T1DM causes specific signal transduction dysregulations in the macrophages. The comparison of bone marrow-derived macrophages (BMDM) and peritoneal macrophages in non-diabetic and diabetic C57BL/6 male mice, the animal model for T1DM, has shown, recently, the dysregulation of both Pl3K/AKT, ERK 1/2 and SAPK/JNK protein kinases pathways and the secretion of cytokines, such as tumor necrosis factor (TNF)-α, interleukin (IL)-6 and IL-10 (Galvão Tessaro et al. 2020). Thus, in the T1DM, the macrophage-dependent innate immune response is significantly altered. In T2DM, both macrophages and NK cells show important modifications in the abilities to chemotaxis, and phagocytosis (Lecube et al. 2011), the functions playing a pivotal role in the initial stages of the fight against infection. Decrease of these functions condemns T1DM and T2DM patients to delayed and weaker immune defense already in the initial stages of infection, including SARS-CoV-2, which is today of the particular interest.

However, macrophages can not only protect but also aggravate the DM by augmenting pancreatic islets inflammation, and affecting β cell proliferation (Ying et al. 2019). Studies in diabetes 1 mouse model showed that diabetes promotes an inflammatory monocyte/macrophage phenotype (Kanter et al. 2012).
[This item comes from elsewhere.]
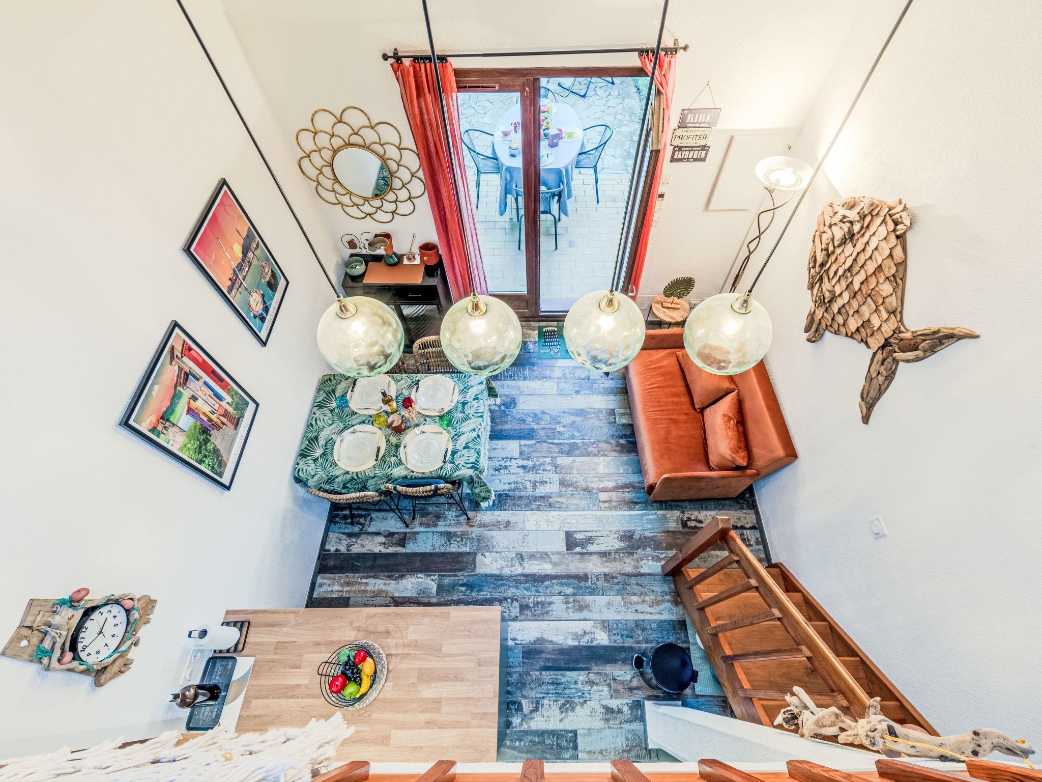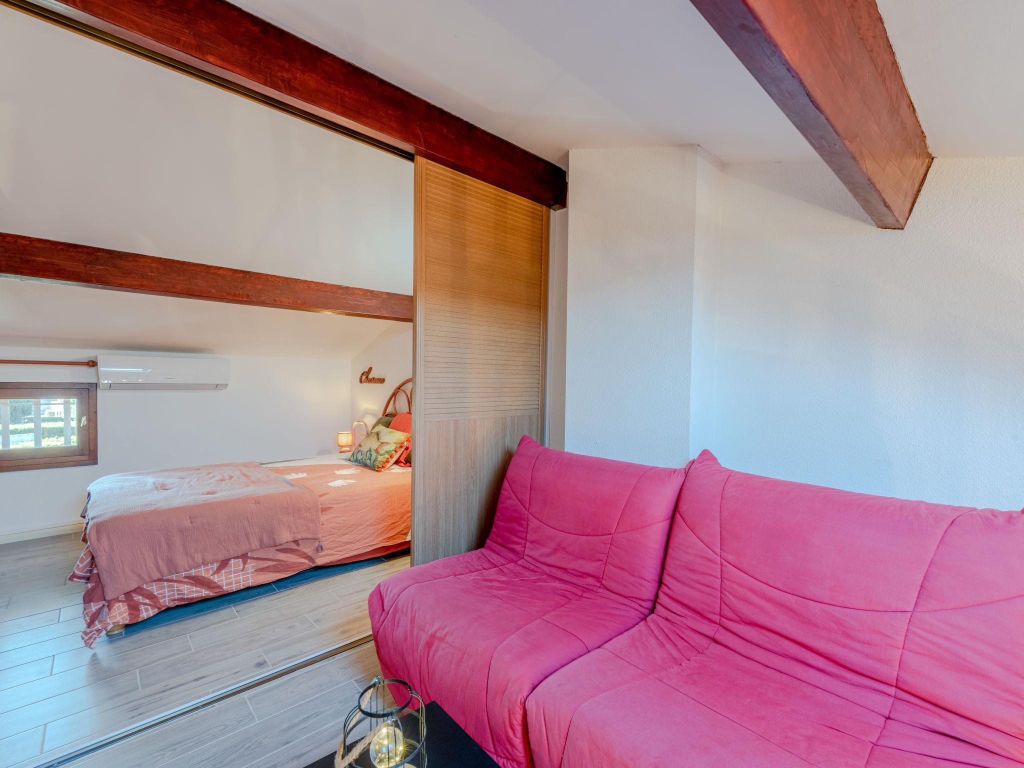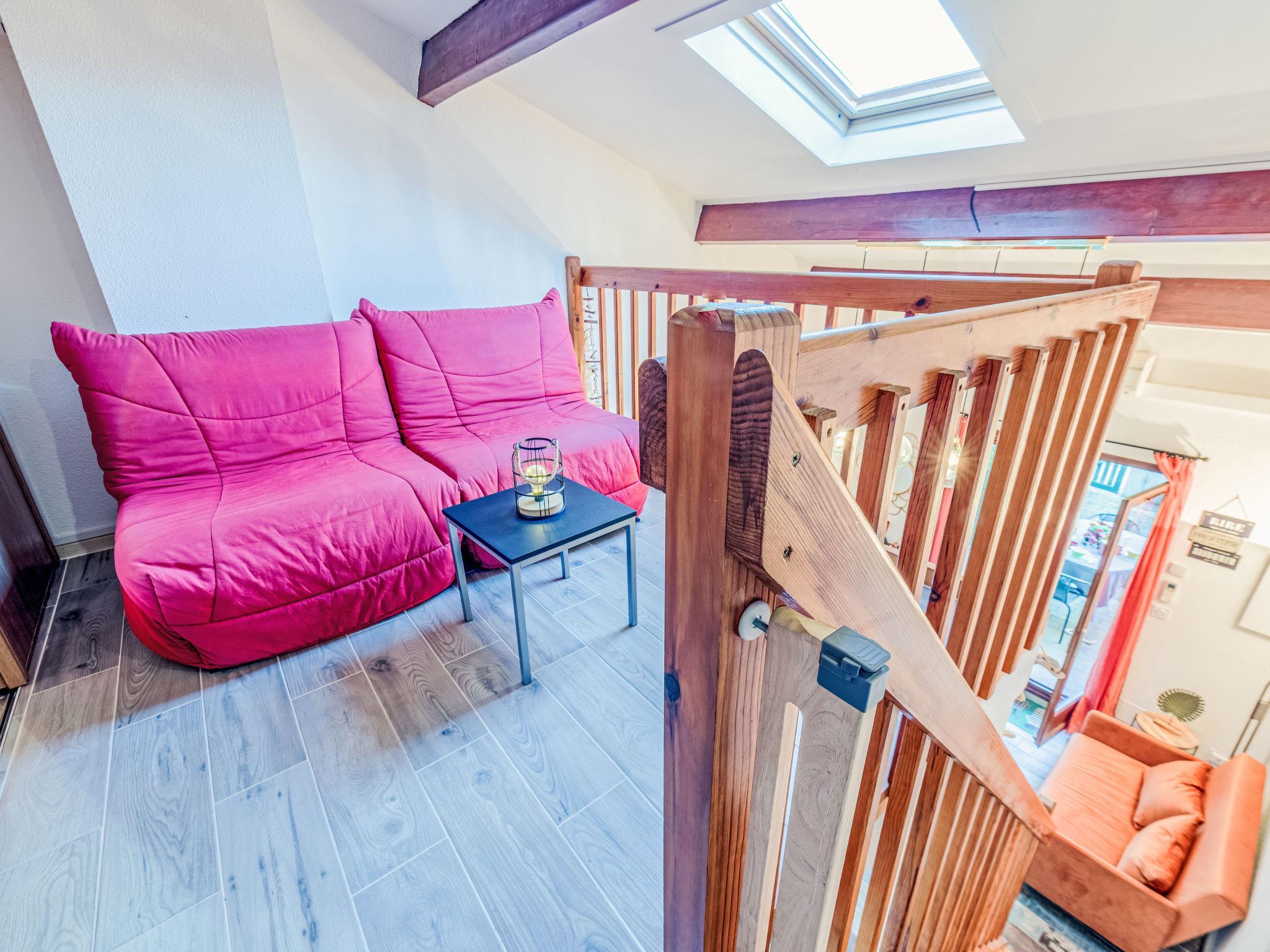 2-room terraced house 40 m2 on 2 levels. Beautiful furnishings: living/dining room with TV and air conditioning. Exit to the terrace. 1 room with 1 french bed (140 cm, length 190 cm). Exit to the terrace. Kitchenette (dishwasher, 2 ceramic glass hob hotplates, toaster, kettle, microwave, freezer, electric coffee machine, Capsules for coffee machine (Senseo) extra). Shower, sep. WC. Upper floor: gallery with sloping ceilings, ceiling height 165 - 216 cm. 1 room with sliding door with 1 french bed (140 cm, length 190 cm), air conditioning. Terrace 40 m2. Terrace furniture, electric barbecue. Facilities: washing machine. Internet (WiFi, extra). Parking. Please note: smoke alarm. Offer by a private individual according to Art. 155, IV of CGI.

These data indicate that although the macrophages can have both protective and destructive roles depending on the pathologic context (Ying et al. 2020), their function in DM is skewed toward the inflammatory (and eventually damaging) response.

Increased ACE2 expression in DM and the SARS-CoV-2 infection

Although the general understanding is that the frequency of microbial infections in diabetic patients is the same as in the general population, some studies are indicating that diabetic patients have a higher risk of infections (Casqueiro et al. 2012; Carey et al. 2018; Critchley et al. 2018). Most importantly everybody agrees that infected diabetic patients have higher morbidity and mortality. This is also true for coronaviruses infections, such as SARS, MERS, and the current SARS-CoV-2responsible for the current COVID-19 pandemic. The one of the resaons of high morbidity of COVID-19 is directly related to the overstimulation of lung macrophages and overproduction of inflammatory cytokines, a so called cytokine storm that results in the caute respiratory distress syndrome (ARDS) (Kloc et al. 2020). Higher probability for diabetic patients to develop higher SARS-CoV-2 viral load and more severe symptoms are related to the increased expression of Angiotensin-converting-enzyme 2 or ACE2 – the receptor for coronaviruses entry to human cells (Roca-Ho et al. 2017; Yang et al. 2020; Fang 2020; Richardson et al. 2020; Erener 2020). ACE2 is expressed in the lung, heart, adipose tissue, kidney, pancreas (especially in β-cells), the luminal surface of the small intestine, and blood vessels (Hamming et al. 2004; Monteil et al. 2020; Ziegler et al. 2020). The ACE2 is also expressed in the macrophages and monocytes (Chen et al. 2020; Rutkowska-Zapała et al. 2015), and its expression is stimulated by the inflammatory signals, such as type I interferon, produced by macrophages (Ziegler et al. 2020) Moreover, the medications with which diabetic patients are treated, e.g. glucagon-like peptide I (GLP-1) agonists, or hypertension medications, and statins, increase the ACE2 expression even more (Drucker 2020). Thus, diabetic patients become not only the privileged target for SARS-CoV-2 infection, but they may also develop a higher viral load because of the overexpression of ACE2 viral receptors in many cell types, nurturing SARS-CoV-2 replication.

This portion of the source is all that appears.